In 1937 by Ordinance N° 7 of 1937 paragraph (1) of Article 13 of the 1915 Ordinance was repealed and replace by paragraph (1) as now found in paragraph (1) of the Article 20 now under discussion, which latter article repeats Article 13 of 1915 as thus amended.
The principal argument for the appellant was that the object and result of the 1937 amendment was to remove from the relevant legislation that which had admittedly existed since 1896, viz.: the ability of the Authority in discretion to demolish in circumstances confined to those mentioned in paragraph (1). It was argued that in 1937 the legislature could not have intended to devote an entire Ordinance to the mere task of adding to the fine the very moderate sum which would have had to have been paid had a permit been sought: therefore the apparent separation of a paragraph (1) case from a paragraph (2) case must have been intended to remove from a paragraph (1) case the discretionary power of demolition.

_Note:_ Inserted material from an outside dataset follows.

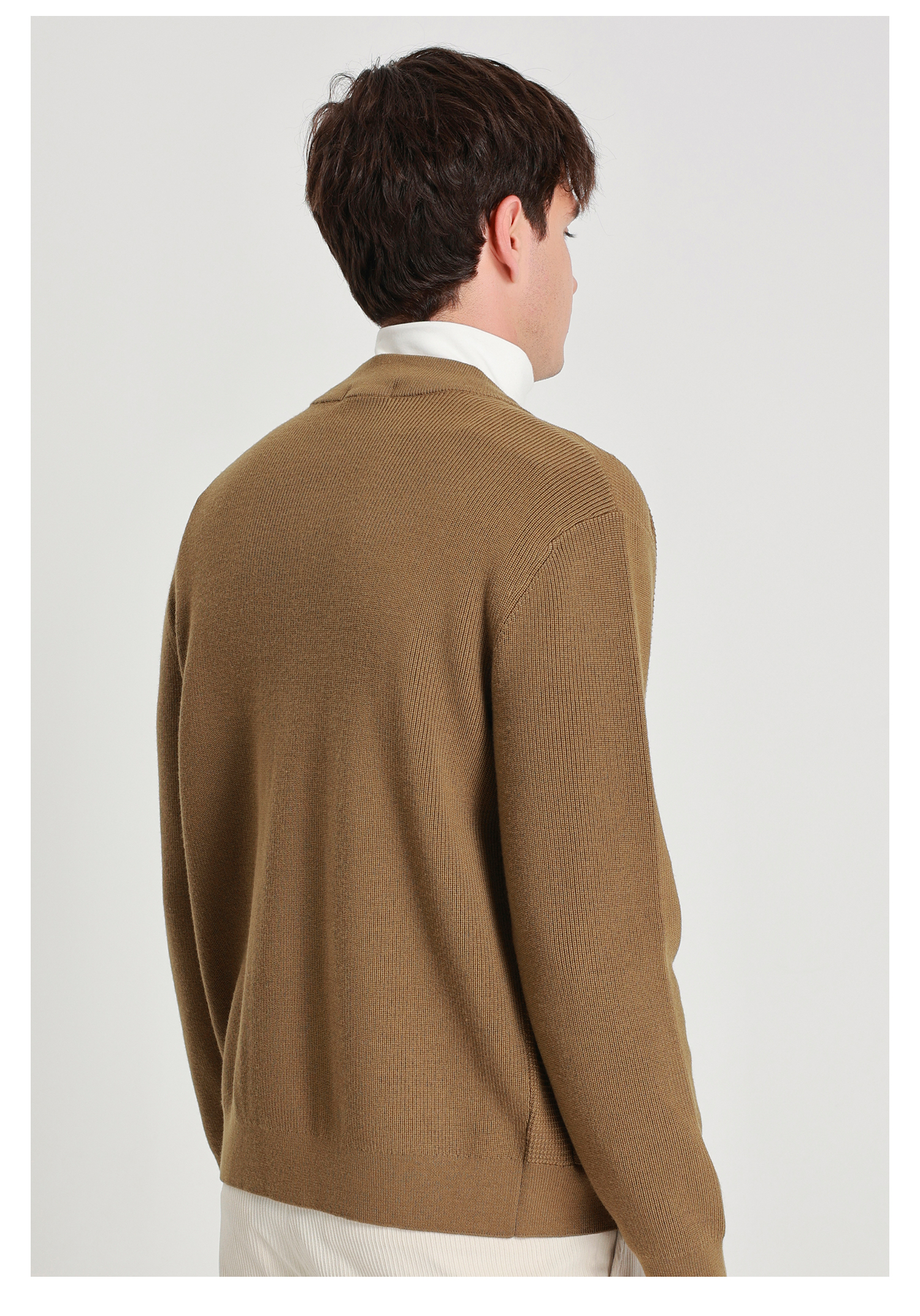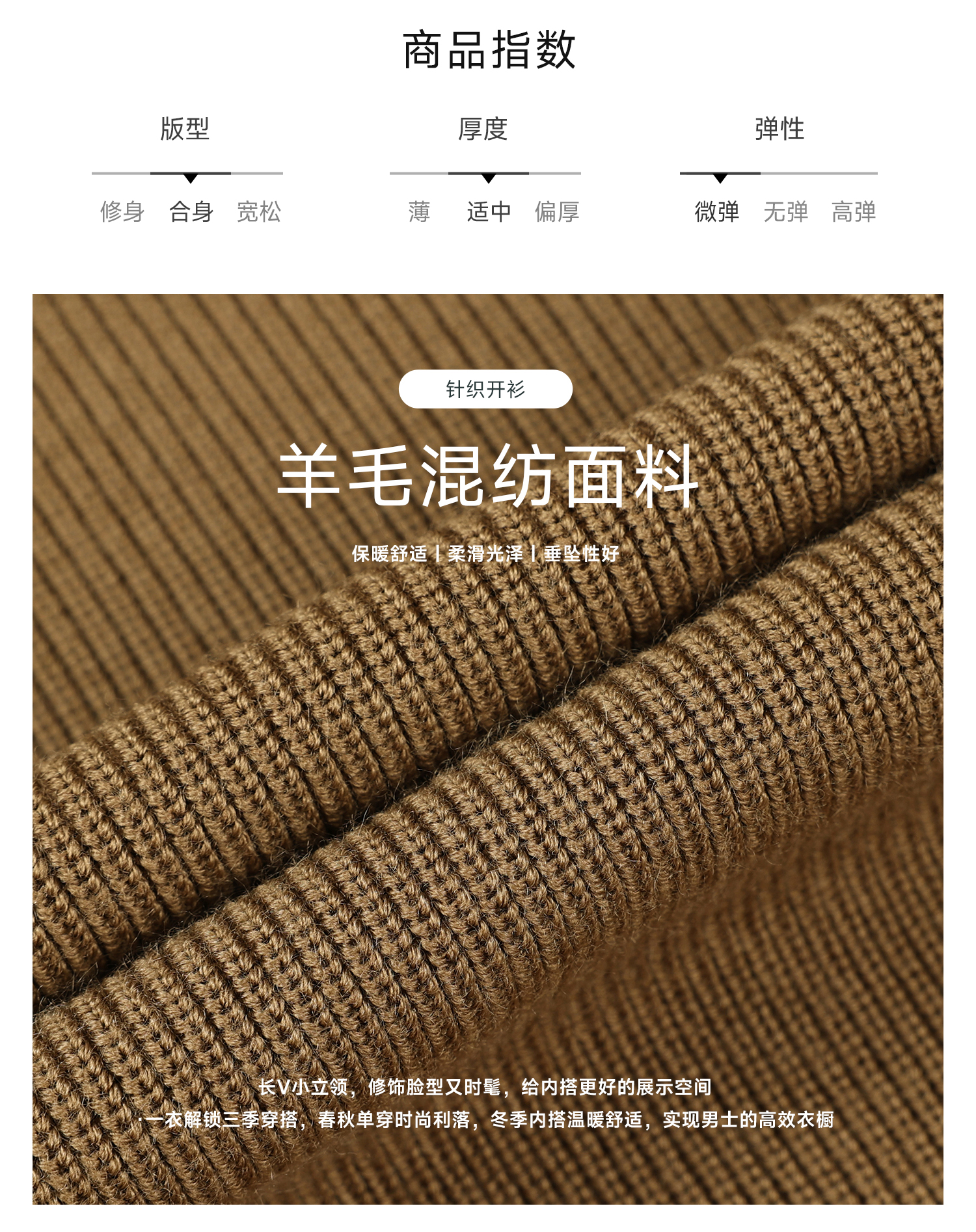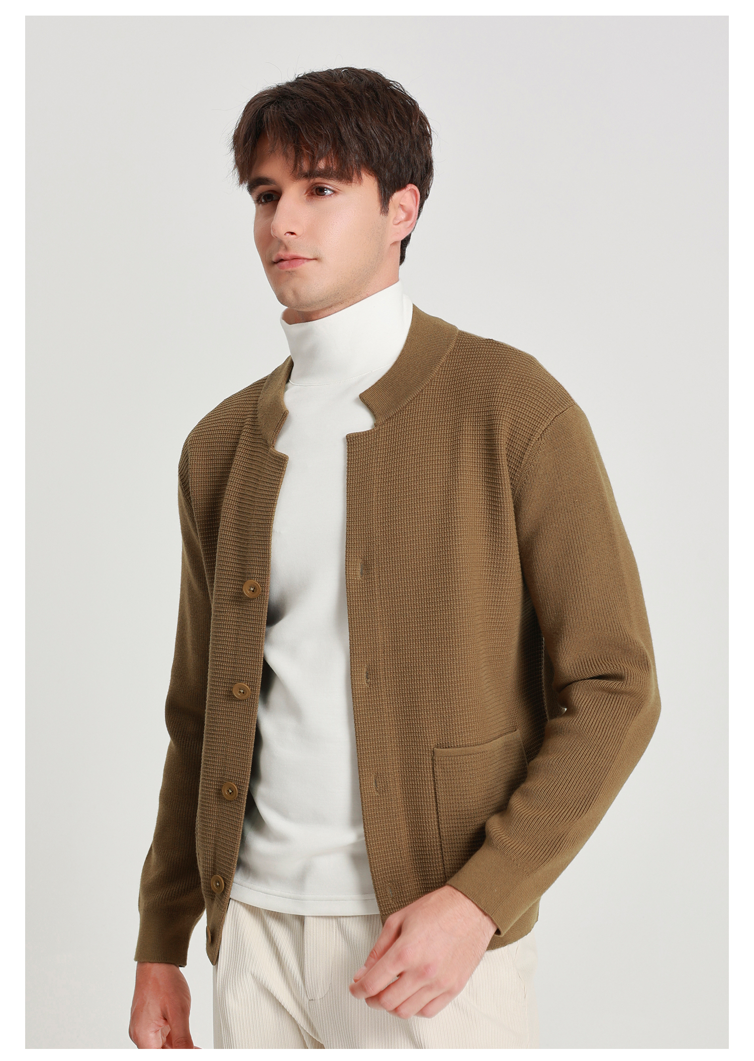 callisto燕麦卡其长V小立领针织开衫

Their Lordships are not able to accept that argument, which appears to them speculative. The fact remains that "of any of the above provisions" in paragraph (2) remains as a phrase applicable to both paragraphs and is not in its plural form appropriate to be restricted to paragraph (2). The only answer suggested was that the draftsman ought in 1937 to have corrected this phrase to "of this provision". But this was not done either in 1937 or in Cap.263 Article 20. Another suggestion advanced in argument was that if the Supreme Court decision was correct the draftsman would have used the phrase "any provision of this article", the addition at the end of the article relating to rural districts using that general reference. Their Lordships are not persuaded by that submission.

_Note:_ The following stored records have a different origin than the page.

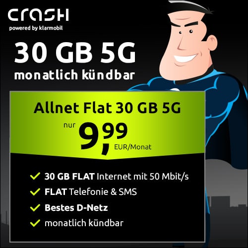 Zuletzt hatte Crash einen starken Tarif im Angebot. Nun wird eine starke Allnet-Flat mit mehr Datenvolumen raus gehauen, die ebenfalls im besten Netz Deutschlands, der Telekom, funken. Die Anschlussgebühren werden euch auch erlassen!
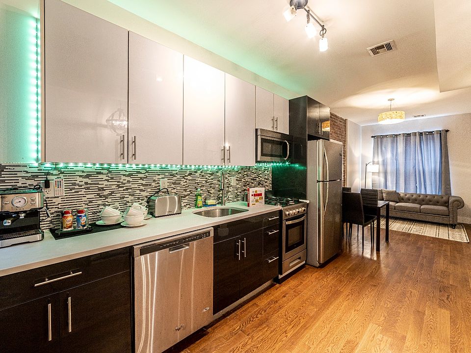 *Large three-bedroom duplex apartment, with backyard access available for immediate move in!* This two-floor duplex apartment features: - Three bedrooms and one full bathroom on the first floor - Huge downstairs space can be used as a 4th bedroom, home office, or recreational space with an additional half-bath - Direct access to a backyard! - Central heat and AC - Modern kitchen with full-size stainless steel appliances, including dishwasher and microwave - Hardwood flooring, exposed brick, and lots of natural light throughout! The building features a laundry room, and is conveniently located near the the 2, 3, and 4 trains, as well as lots of shops and grocery stores! This apartment will not be available for long. For more information on this unit contact Yosef (Joe) immediately! - Pets allowed - No broker fee (photos may be of a similar unit in the building)
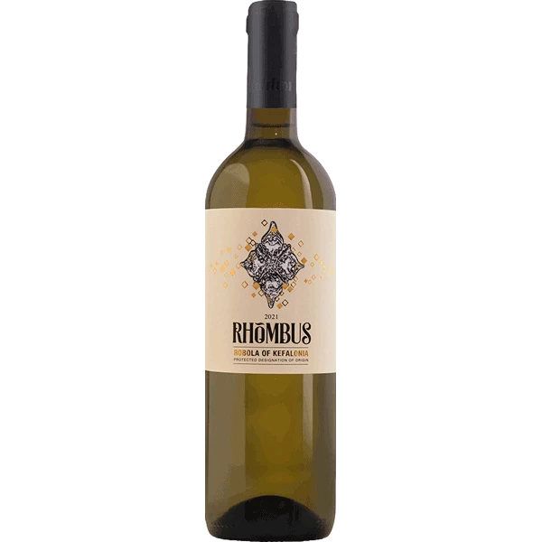 Το όνομα της ετικέτας Rhombus προέρχεται από την λέξη ρόμβος, σχήμα στο οποίο δόθηκαν μαγικές και τελετουργικές ιδιότητες και υπονοεί την ικανότητα του κρασιού αυτού να μας γοητεύει, ένα κρασί 100% από την ποικιλία Ρομπόλα.
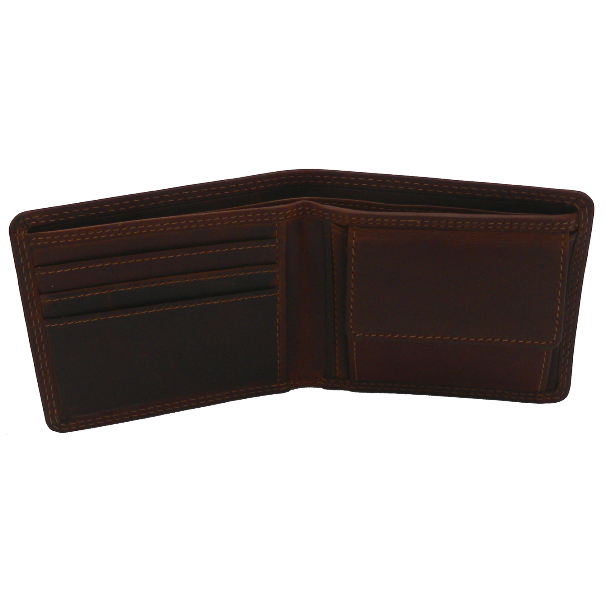 Rugged Earth bifold wallet with 3 credit card slots, change pouch and centre bill fold. Genuine leather with double stitching for durability.
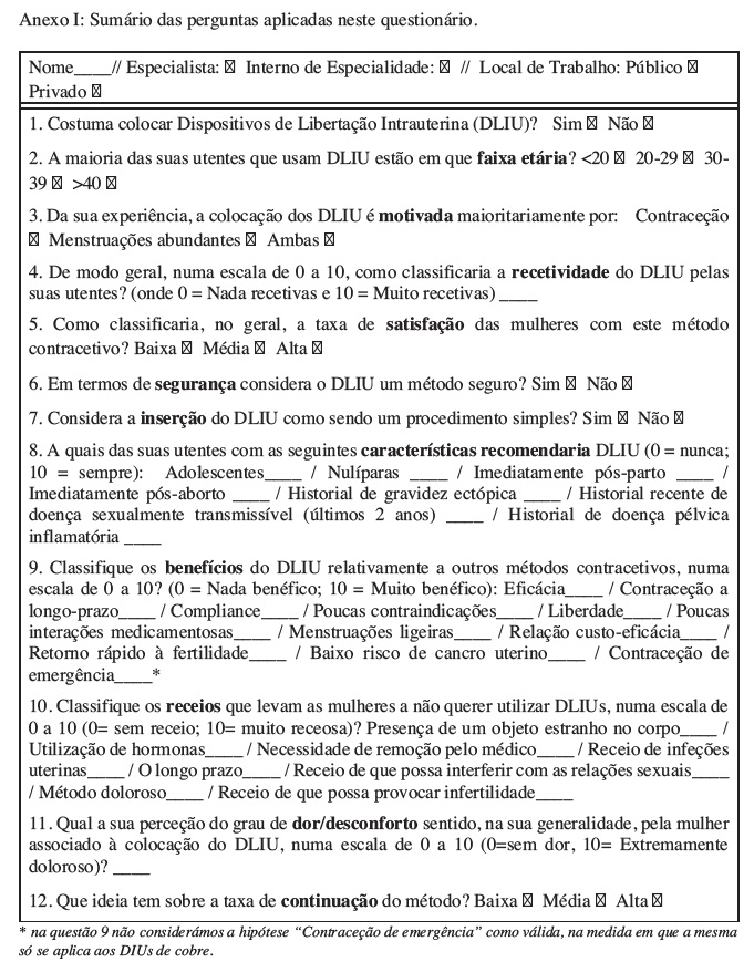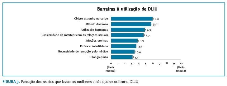 Alguns dos receios que possam levar as mulheres a não querer utilizar o DLIU foram sumarizados e foi solicitado aos clínicos participantes que, numa escala de 0 a 10 (em que 0= sem receio e 10=muito receosa), os classificassem de acordo com a perceção que tinham da experiência com as suas utentes. A lista dos 8 potenciais receios analisados inclui os seguintes itens: 1) presença de um objeto estranho no corpo, 2) utilização de hormonas, 3) necessidade de remoção pelo médico, 4) receio de infeções uterinas, 5) efeito contracetivo a longo-prazo, 6) receio de que possa interferir com as relações sexuais, 7) receio da dor na altura da colocação do DLIU e 8) receio de que possa provocar infertilidade. Os profissionais de saúde foram também questionados quanto à sua perceção face à recetividade do DLIU pelas utentes (onde 0= nada recetivas e 10= muito recetivas).
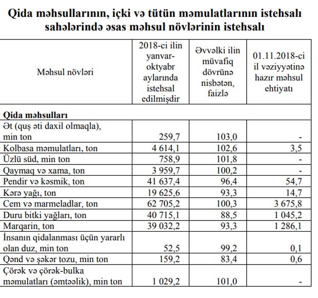Dövlət Statistika Komitəsinin aylıq hesabatında bildirilir ki, bu sahələrin əsas məhsullarından brendi (konyak) istehsalı 4 dəfə, üzüm şərabının istehsalı 39,8 faiz, alkoqolsuz içkilərin istehsalı 22,5 faiz, kolbasa məmulatlarının istehsalı 2,6 faiz, cem və marmeladların istehsalı 0,3 faiz artmış, bununla yanaşı duru bitki yağlarının istehsalı 11,5 faiz, qənd və şəkər tozu istehsalı 16,6 faiz azalmışdır.
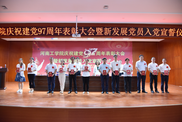 为庆祝中国共产党成立97周年,6月29日下午,我校在创新楼二楼报告厅召开了庆祝建党97周年表彰大会暨新发展党员入党宣誓仪式。在校校领导、全体中层干部、各党支部书记、教工党员代表、受表彰的优秀党员、优秀党务工作者和新发展党员参加了会议。会议由副院长刘莉莉主持。
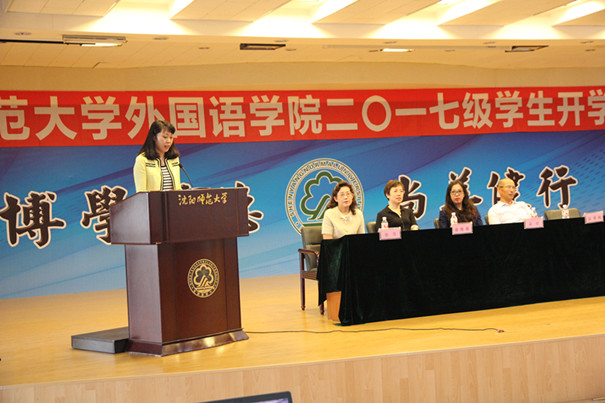 典礼最后,辽宁省教学名师、经理、教授委员会主任委员闫怡恂教授讲话。闫经理对全体2017级新同学表示热烈欢迎。她指出,进入大学后应该“认真思考大学以及你所选择专业的涵义”,闫经理强调,“作为外语专业的学习者,学习的任务首先是娴熟掌握各项语言技能”,除此之外,还应关心人文学科,以丰富文化自身底蕴。最后闫经理祝愿同学们一起尝试新的生活,见证彼此的成长,希望“外语”能够成为全体新生一生的追求与相遇。

Some reliance was placed on the power under Article 78 of the Authority to make Regulations as to buildings for breach of which the Regulations might provide for demolition. Their Lordships cannot accept that this negatives the conclusion of the Supreme Court. Under the Ordinance (Article 7) it is made unlawful to commence construction of a building, or extensive alterations, etc. etc., without a permit obtained. Their Lordships cannot accept a construction of Article 20 which enables a person to build unlawfully without troubling to get a permit, at the trivial cost of a Rs500 fine and the price that he would have had to pay for a permit, provided that in point of detail he did not depart from the building Regulations laid down under Article 78.

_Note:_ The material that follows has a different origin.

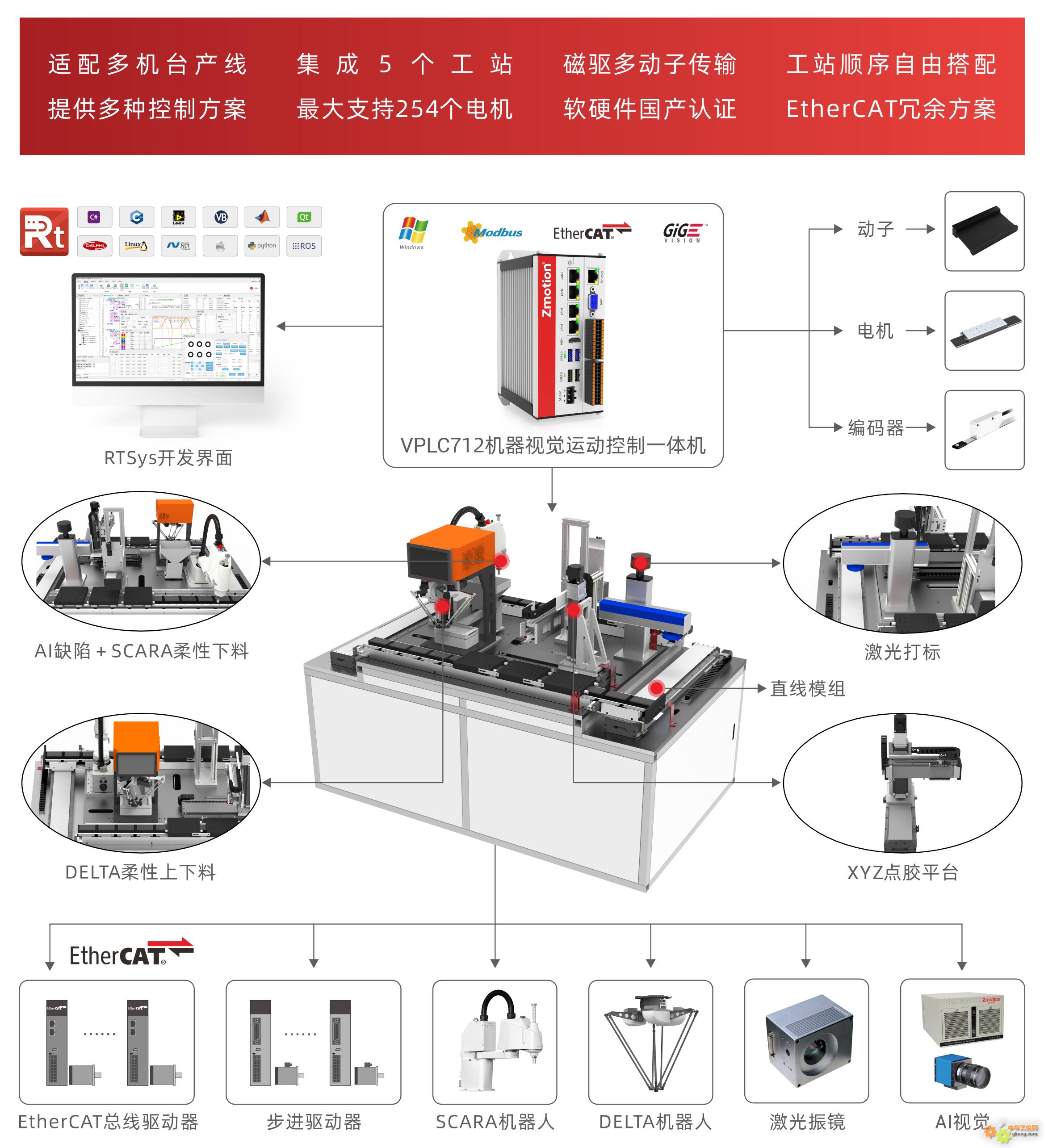 提供一体化开放式IPC形态的实时软控制器/软PLC集成的视觉+运动控制解决方案。
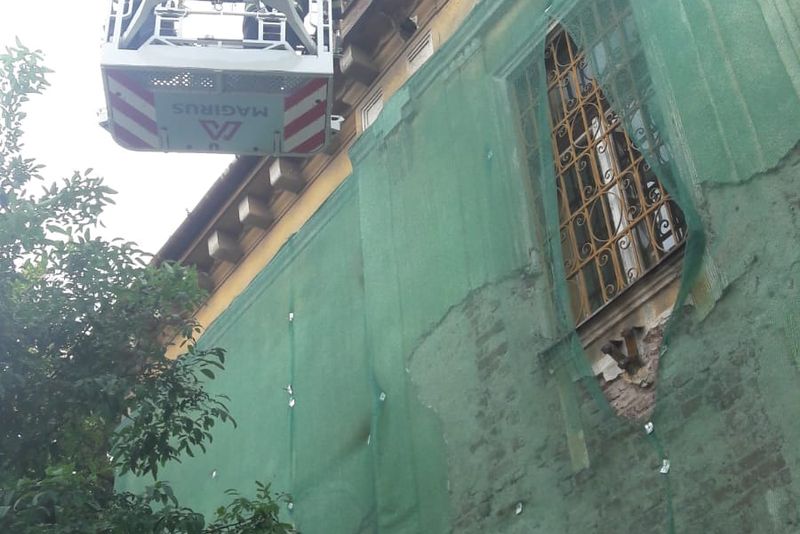 Conform Purtătorului decuvânt al Inspectoratului pentru Situaţii de Urgenţă Arad, maior George Pleşca, Detasamentul de Pompieri Arad a intervenit cu autospeciala de interventie si salvare de la inaltimi si 3 subofiteri pentru indepartarea mai multor elemente de constructie ce puneau in pericol integritatea trecatorilor.

That view suffices to uphold the decision of the Supreme Court even if -which their Lordships doubt - the appellant were correct in contending that the respondent was not entitled to rely upon Article 20(2).
Their Lordships find the judgment of the Supreme Court on the crucial point entirely satisfactory and accordingly are of the opinion that this appeal should be dismissed with costs and will humbly advise Her Majesty accordingly.